>>

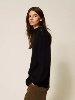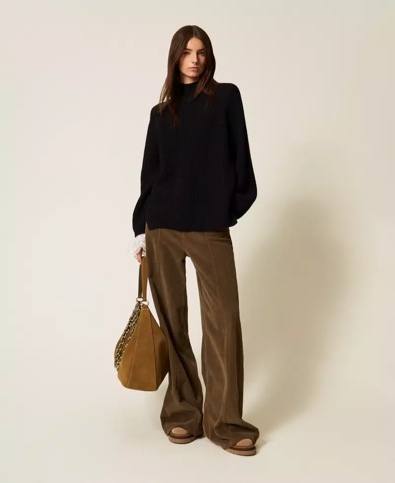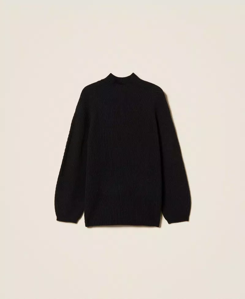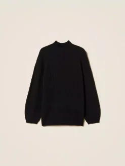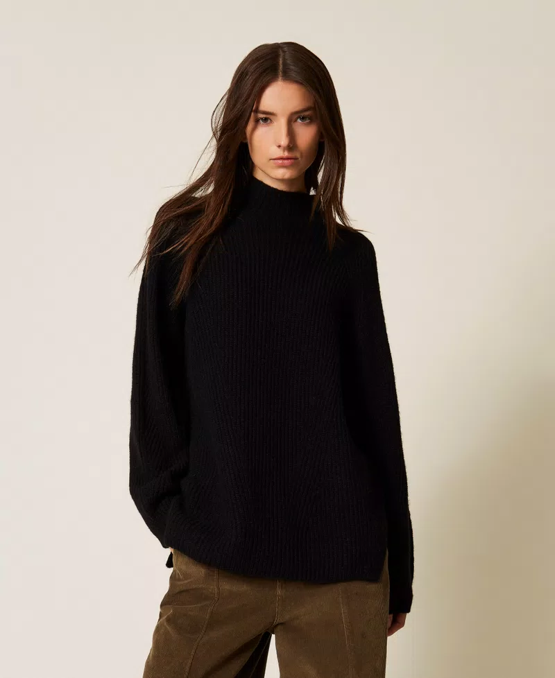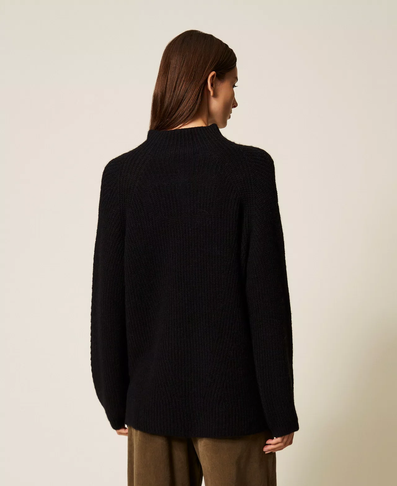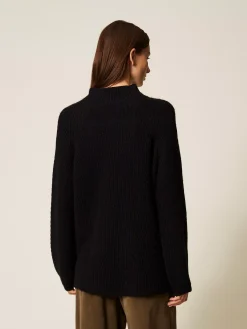 Maglia a lupetto in misto lana con logo Oval T sul retro lavorato a punto links. Ha giochi di calature, maniche lunghe, spacchi laterali al fondo, linea ampia.
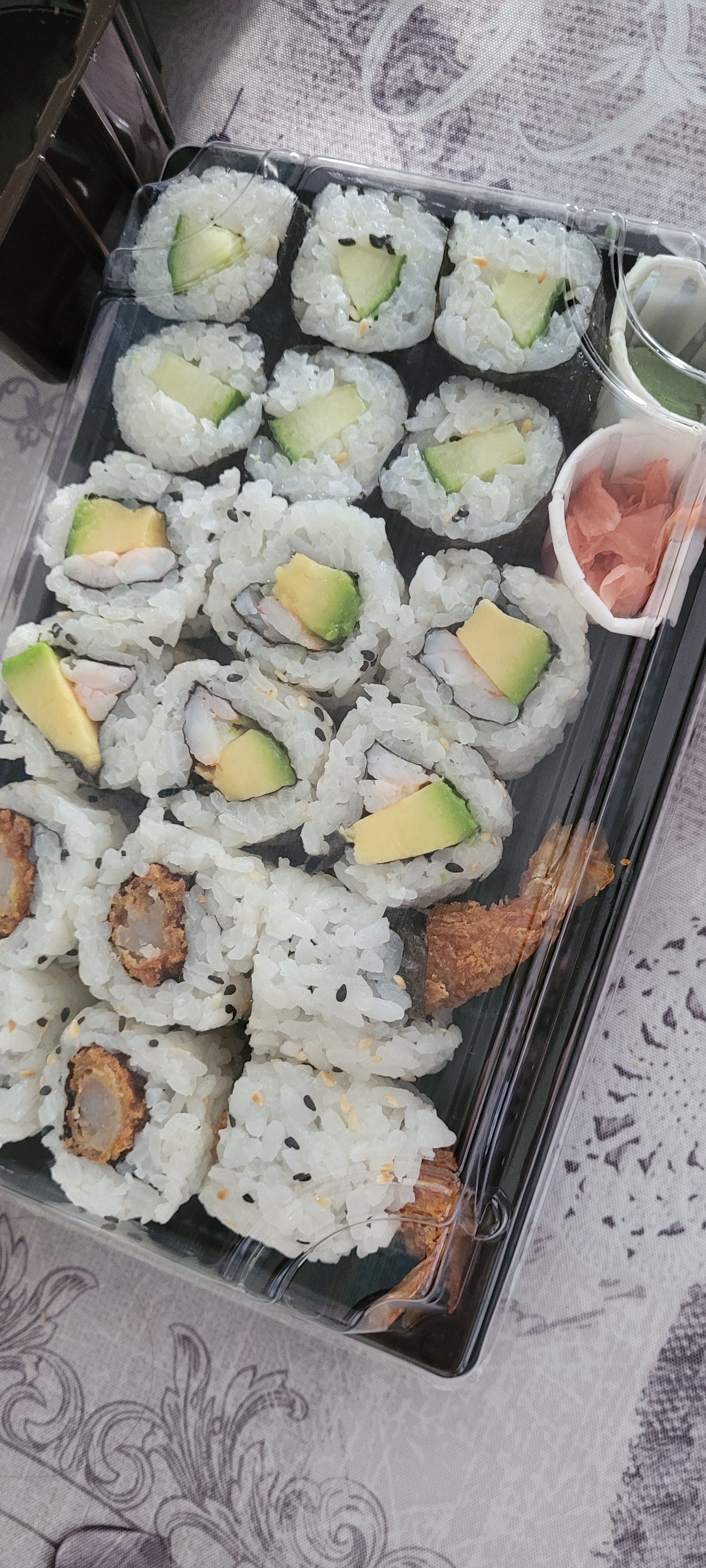 Pris sushi a emporté ,pas mal. Soupe miso nul et sans cuillères ,ils on oublié la sauce piquante petit détail...
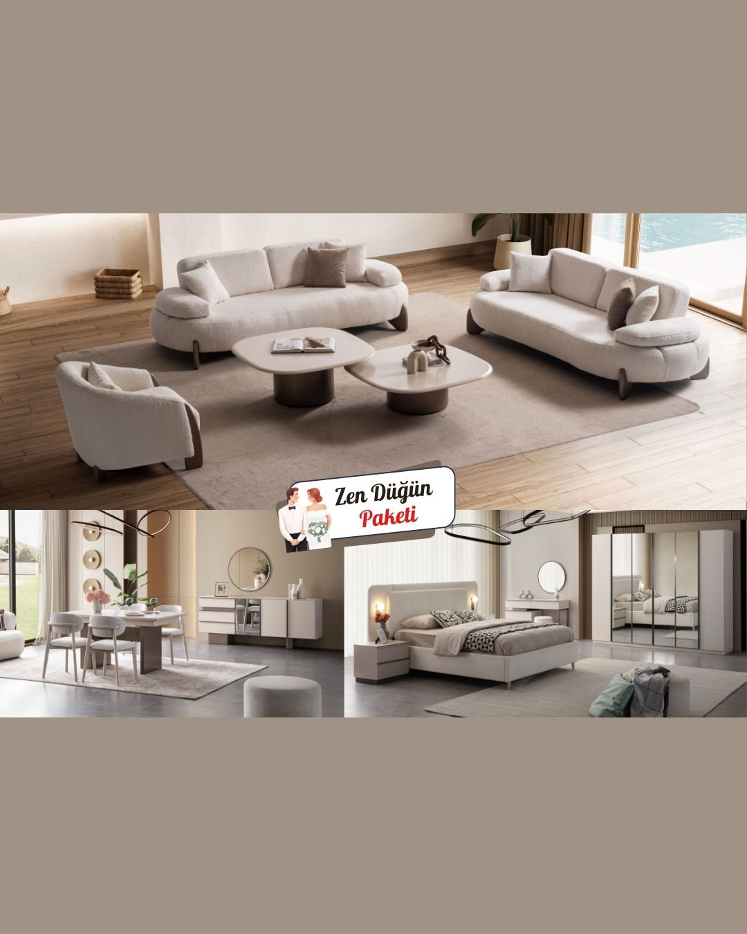 | Takım İçeriği | * Yatak Odası Takımı: 1 Adet 6 Kapaklı Gardırop, 1 Adet Şifonyer Gövde, 1 Adet Şifonyer Ayna, 1 Adet Şifonyer Puf, 2 Adet Komodin, 1 Adet Panolu Karyola, 1 Adet Kendinden Baza * Koltuk Takımı: 1 Adet Üçlü Koltuk, 1 Adet Berjer, 3 Adet Kare Kırlent, 1 Adet Dikdörtgen Kırlent * Yemek Odası Takımı: 1 Adet Konsol Gövde, 1 Adet Konsol Ayna, 1 Adet Açılır Masa, 4 Adet Sandalye |
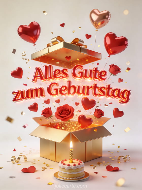 Sende eine fröhliche romantische Geburtstagskarte mit glänzender roter Schrift, 3D-Herzen aus einer goldenen Geschenkbox, Herzballons und einem kleinen Kuchen mit Kerze. Konfetti und Glitzer machen die Szene hell und festlich. Entdecke auch Alles Gute zum Geburtstag mein Herz Bild, Herz Alles Gute zum Geburtstag Herz oder Alles Gute zum Geburtstag mein Herz Bilder.
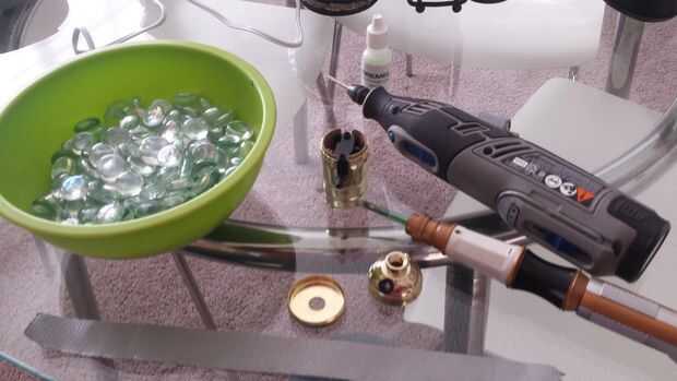 - 1 diamante recubierto de broca y fluido de corte (esto es una necesidad para la perforación de vidrio)
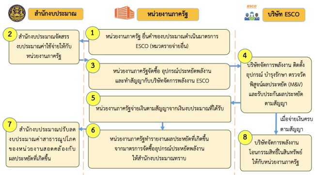 8) เมื่อหน่วยงานภาครัฐชำระเงินค่าอุปกรณ์ประหยัดพลังงานครบตามสัญญา บริษัทจัดการพลังงานโอนกรรมสิทธิ์ในสินทรัพย์ให้กับหน่วยงานภาครัฐเพื่อนำไปขึ้นบัญชีครุภัณฑ์และจัดทำงบประมาณในการบำรุงรักษาต่อไป
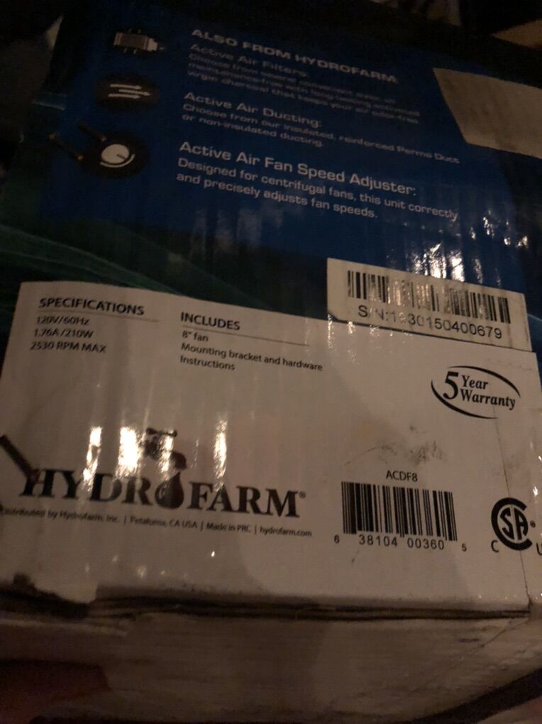 HydroFarm 8” Inline Fan 120V / 2530 RPM. In-line fan is great for ventilation purposes. Works great with cooling systems for high intensity growing lights. Fits 8” diameter ducts. Moves 720 cubic feet of air per minute. Durable ceramic- coated metal housing protects the fan and resists corrosion. Quite and efficient operation high quality molded Impeller. Thermally-protected AC motor. Incudes mounting brackets and hardware and an 8 foot pre wired 120V power cord. Also can be used for regular ventilation purposes for barns, sheds garages, houses, basements and much much more!!New in the Box!! $$140.00.
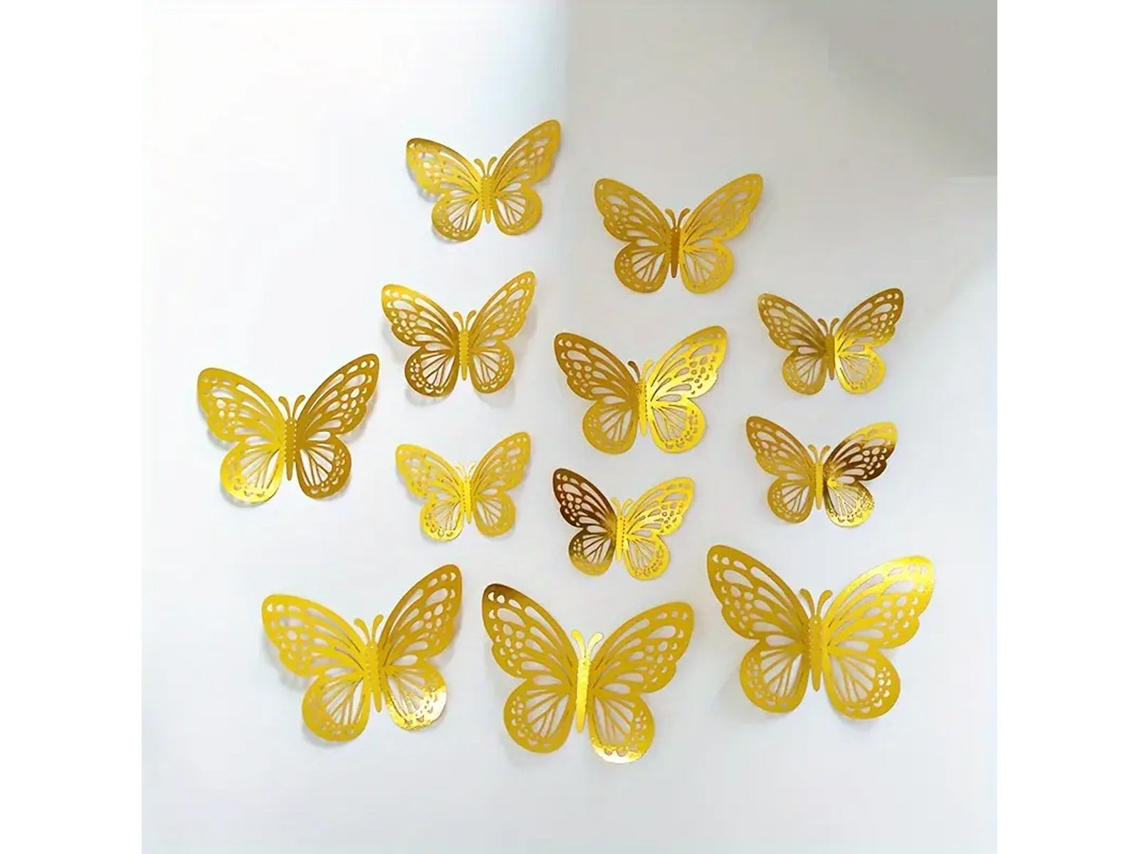 Dekoracja lustrzana Motyle złote 2D - 12 szt.
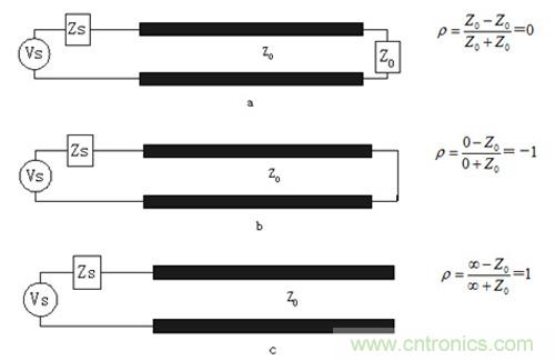 圖4.(a)端接(b)短路(c)開路 三種情況下的反射系數
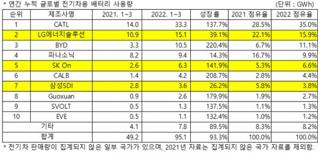 相較去年,中國(guó)動(dòng)力電池廠商們均實(shí)現(xiàn)了裝機(jī)量同比大幅增長(zhǎng),擠占了韓日廠商LG新能源(第二)、松下(第四)、SK On(第五)、三星SDI(第七)的市場(chǎng)占有率。
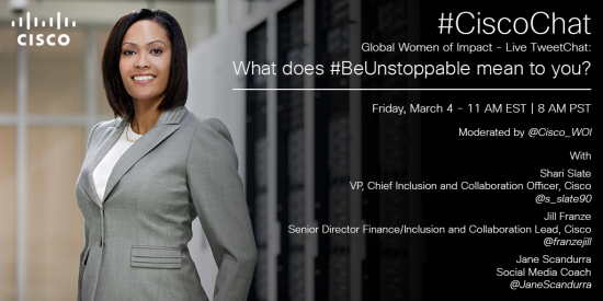 We are having a #CiscoChat on Friday, March 4 from 8-9am PST with VP, Chief Inclusion and Collaboration Officer, Shari Slate, Senior Director Finance/ Inclusion and Collaboration Lead, Jill Franze and Social Media Coach, Jane Scandurra to chat about what it means to #BeUnstoppable. Join us!
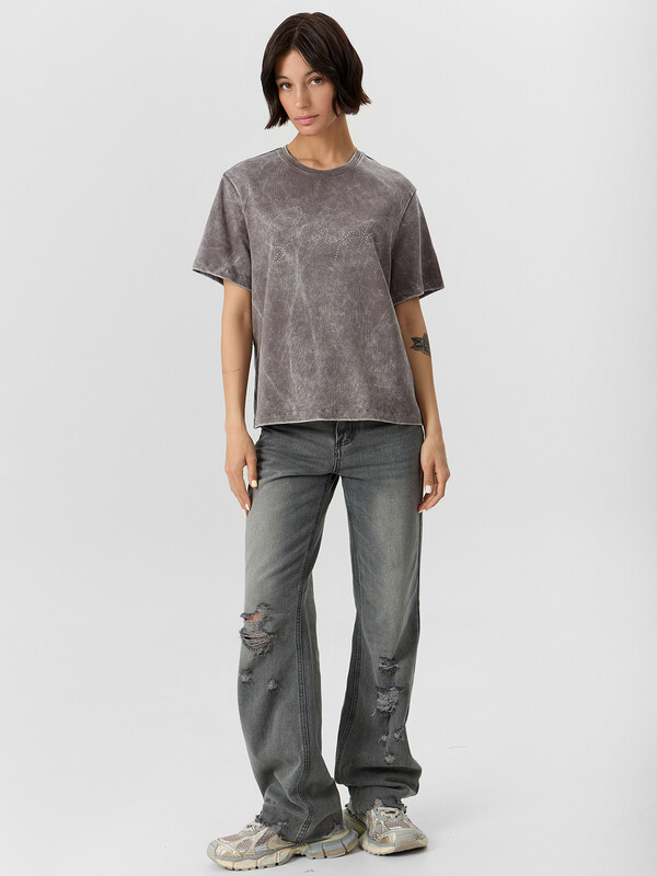 Джемпер прямого силуэта. Горловина круглая, обработана обтачкой из основного полотна. Шов

<<

* **Work instructions**:
Would you copy the lines from the one holding "the Box!! $$140.00." down to the last line of the material, both included, exactly and with nothing added, skipping the pictures?

* **Result of this task**:
 HydroFarm 8” Inline Fan 120V / 2530 RPM. In-line fan is great for ventilation purposes. Works great with cooling systems for high intensity growing lights. Fits 8” diameter ducts. Moves 720 cubic feet of air per minute. Durable ceramic- coated metal housing protects the fan and resists corrosion. Quite and efficient operation high quality molded Impeller. Thermally-protected AC motor. Incudes mounting brackets and hardware and an 8 foot pre wired 120V power cord. Also can be used for regular ventilation purposes for barns, sheds garages, houses, basements and much much more!!New in the Box!! $$140.00.
 Dekoracja lustrzana Motyle złote 2D - 12 szt.
 圖4.(a)端接(b)短路(c)開路 三種情況下的反射系數
 相較去年,中國(guó)動(dòng)力電池廠商們均實(shí)現(xiàn)了裝機(jī)量同比大幅增長(zhǎng),擠占了韓日廠商LG新能源(第二)、松下(第四)、SK On(第五)、三星SDI(第七)的市場(chǎng)占有率。
 We are having a #CiscoChat on Friday, March 4 from 8-9am PST with VP, Chief Inclusion and Collaboration Officer, Shari Slate, Senior Director Finance/ Inclusion and Collaboration Lead, Jill Franze and Social Media Coach, Jane Scandurra to chat about what it means to #BeUnstoppable. Join us!
 Джемпер прямого силуэта. Горловина круглая, обработана обтачкой из основного полотна. Шов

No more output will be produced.